*DATA TO EXAMINE*:

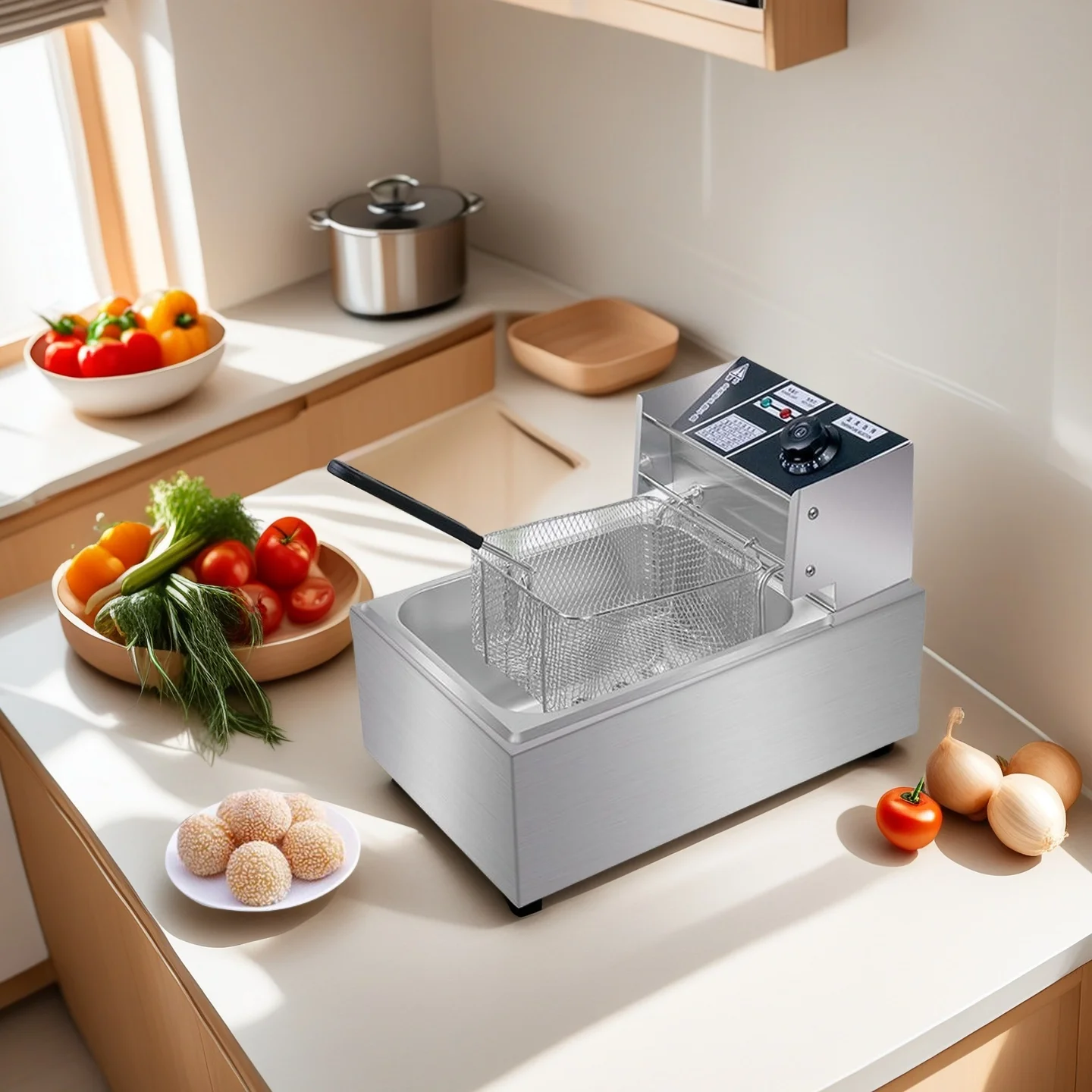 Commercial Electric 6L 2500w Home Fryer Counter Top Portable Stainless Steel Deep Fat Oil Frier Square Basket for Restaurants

==

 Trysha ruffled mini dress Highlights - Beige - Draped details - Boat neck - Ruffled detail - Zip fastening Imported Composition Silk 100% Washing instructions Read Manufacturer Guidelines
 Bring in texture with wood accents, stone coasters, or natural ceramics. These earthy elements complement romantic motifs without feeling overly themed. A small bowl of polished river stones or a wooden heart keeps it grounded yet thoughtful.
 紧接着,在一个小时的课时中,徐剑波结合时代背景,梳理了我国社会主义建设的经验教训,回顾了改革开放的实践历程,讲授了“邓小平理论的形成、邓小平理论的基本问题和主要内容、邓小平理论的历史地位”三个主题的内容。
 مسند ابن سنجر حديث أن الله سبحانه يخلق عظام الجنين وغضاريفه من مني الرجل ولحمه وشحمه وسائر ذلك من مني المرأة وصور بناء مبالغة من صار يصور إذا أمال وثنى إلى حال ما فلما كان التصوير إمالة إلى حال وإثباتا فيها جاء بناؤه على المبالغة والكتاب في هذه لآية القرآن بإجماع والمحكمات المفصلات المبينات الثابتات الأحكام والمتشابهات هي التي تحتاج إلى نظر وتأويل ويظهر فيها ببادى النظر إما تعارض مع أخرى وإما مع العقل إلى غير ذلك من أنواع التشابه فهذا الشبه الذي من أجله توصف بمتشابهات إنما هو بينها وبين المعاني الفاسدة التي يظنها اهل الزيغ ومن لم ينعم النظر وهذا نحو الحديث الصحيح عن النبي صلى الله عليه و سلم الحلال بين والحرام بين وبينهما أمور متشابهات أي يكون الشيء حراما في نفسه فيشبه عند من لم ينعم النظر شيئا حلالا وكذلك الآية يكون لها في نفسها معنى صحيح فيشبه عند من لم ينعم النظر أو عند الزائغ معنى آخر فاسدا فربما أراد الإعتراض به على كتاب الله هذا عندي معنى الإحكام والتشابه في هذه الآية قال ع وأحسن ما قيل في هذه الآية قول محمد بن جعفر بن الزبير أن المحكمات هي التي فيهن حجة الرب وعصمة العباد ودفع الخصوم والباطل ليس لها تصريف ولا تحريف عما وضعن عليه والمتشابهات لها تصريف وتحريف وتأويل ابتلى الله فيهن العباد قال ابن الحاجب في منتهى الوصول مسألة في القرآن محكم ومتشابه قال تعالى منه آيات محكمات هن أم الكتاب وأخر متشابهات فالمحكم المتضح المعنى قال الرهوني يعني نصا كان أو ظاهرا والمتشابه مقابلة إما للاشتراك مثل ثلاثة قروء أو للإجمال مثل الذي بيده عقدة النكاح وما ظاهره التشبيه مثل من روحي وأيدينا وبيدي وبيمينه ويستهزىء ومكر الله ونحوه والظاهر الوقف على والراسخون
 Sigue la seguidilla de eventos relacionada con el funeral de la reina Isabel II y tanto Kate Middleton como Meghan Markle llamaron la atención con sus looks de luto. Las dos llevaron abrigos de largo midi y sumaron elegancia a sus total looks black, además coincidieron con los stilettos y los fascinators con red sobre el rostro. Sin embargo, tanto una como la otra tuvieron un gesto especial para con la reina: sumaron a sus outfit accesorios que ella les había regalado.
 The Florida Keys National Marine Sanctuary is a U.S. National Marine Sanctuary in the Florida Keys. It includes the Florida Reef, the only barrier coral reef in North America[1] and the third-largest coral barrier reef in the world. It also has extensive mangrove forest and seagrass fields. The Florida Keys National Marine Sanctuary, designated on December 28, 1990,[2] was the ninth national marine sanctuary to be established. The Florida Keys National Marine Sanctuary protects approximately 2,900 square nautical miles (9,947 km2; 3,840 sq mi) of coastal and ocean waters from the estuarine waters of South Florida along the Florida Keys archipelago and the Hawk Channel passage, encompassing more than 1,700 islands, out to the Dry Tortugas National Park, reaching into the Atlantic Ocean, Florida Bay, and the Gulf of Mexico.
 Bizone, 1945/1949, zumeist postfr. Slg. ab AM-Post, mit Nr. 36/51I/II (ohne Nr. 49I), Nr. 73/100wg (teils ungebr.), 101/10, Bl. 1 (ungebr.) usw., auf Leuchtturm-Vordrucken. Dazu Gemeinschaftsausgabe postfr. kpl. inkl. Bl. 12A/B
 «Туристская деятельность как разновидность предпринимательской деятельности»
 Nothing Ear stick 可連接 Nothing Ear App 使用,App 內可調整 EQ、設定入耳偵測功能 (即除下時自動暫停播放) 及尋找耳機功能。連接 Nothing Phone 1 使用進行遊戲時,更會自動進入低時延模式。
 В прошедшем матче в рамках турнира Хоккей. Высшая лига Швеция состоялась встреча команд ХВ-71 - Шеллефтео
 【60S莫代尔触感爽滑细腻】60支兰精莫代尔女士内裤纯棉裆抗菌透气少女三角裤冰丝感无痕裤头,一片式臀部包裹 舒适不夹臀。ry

*WORK TO BE COMPLETED*: Can you repeat, word for word, every line above from the one containing "مسند ابن سنجر" down to the one containing "Sigue la seguidilla", including both?

*PROBLEM SOLUTION*:
 مسند ابن سنجر حديث أن الله سبحانه يخلق عظام الجنين وغضاريفه من مني الرجل ولحمه وشحمه وسائر ذلك من مني المرأة وصور بناء مبالغة من صار يصور إذا أمال وثنى إلى حال ما فلما كان التصوير إمالة إلى حال وإثباتا فيها جاء بناؤه على المبالغة والكتاب في هذه لآية القرآن بإجماع والمحكمات المفصلات المبينات الثابتات الأحكام والمتشابهات هي التي تحتاج إلى نظر وتأويل ويظهر فيها ببادى النظر إما تعارض مع أخرى وإما مع العقل إلى غير ذلك من أنواع التشابه فهذا الشبه الذي من أجله توصف بمتشابهات إنما هو بينها وبين المعاني الفاسدة التي يظنها اهل الزيغ ومن لم ينعم النظر وهذا نحو الحديث الصحيح عن النبي صلى الله عليه و سلم الحلال بين والحرام بين وبينهما أمور متشابهات أي يكون الشيء حراما في نفسه فيشبه عند من لم ينعم النظر شيئا حلالا وكذلك الآية يكون لها في نفسها معنى صحيح فيشبه عند من لم ينعم النظر أو عند الزائغ معنى آخر فاسدا فربما أراد الإعتراض به على كتاب الله هذا عندي معنى الإحكام والتشابه في هذه الآية قال ع وأحسن ما قيل في هذه الآية قول محمد بن جعفر بن الزبير أن المحكمات هي التي فيهن حجة الرب وعصمة العباد ودفع الخصوم والباطل ليس لها تصريف ولا تحريف عما وضعن عليه والمتشابهات لها تصريف وتحريف وتأويل ابتلى الله فيهن العباد قال ابن الحاجب في منتهى الوصول مسألة في القرآن محكم ومتشابه قال تعالى منه آيات محكمات هن أم الكتاب وأخر متشابهات فالمحكم المتضح المعنى قال الرهوني يعني نصا كان أو ظاهرا والمتشابه مقابلة إما للاشتراك مثل ثلاثة قروء أو للإجمال مثل الذي بيده عقدة النكاح وما ظاهره التشبيه مثل من روحي وأيدينا وبيدي وبيمينه ويستهزىء ومكر الله ونحوه والظاهر الوقف على والراسخون
 Sigue la seguidilla de eventos relacionada con el funeral de la reina Isabel II y tanto Kate Middleton como Meghan Markle llamaron la atención con sus looks de luto. Las dos llevaron abrigos de largo midi y sumaron elegancia a sus total looks black, además coincidieron con los stilettos y los fascinators con red sobre el rostro. Sin embargo, tanto una como la otra tuvieron un gesto especial para con la reina: sumaron a sus outfit accesorios que ella les había regalado.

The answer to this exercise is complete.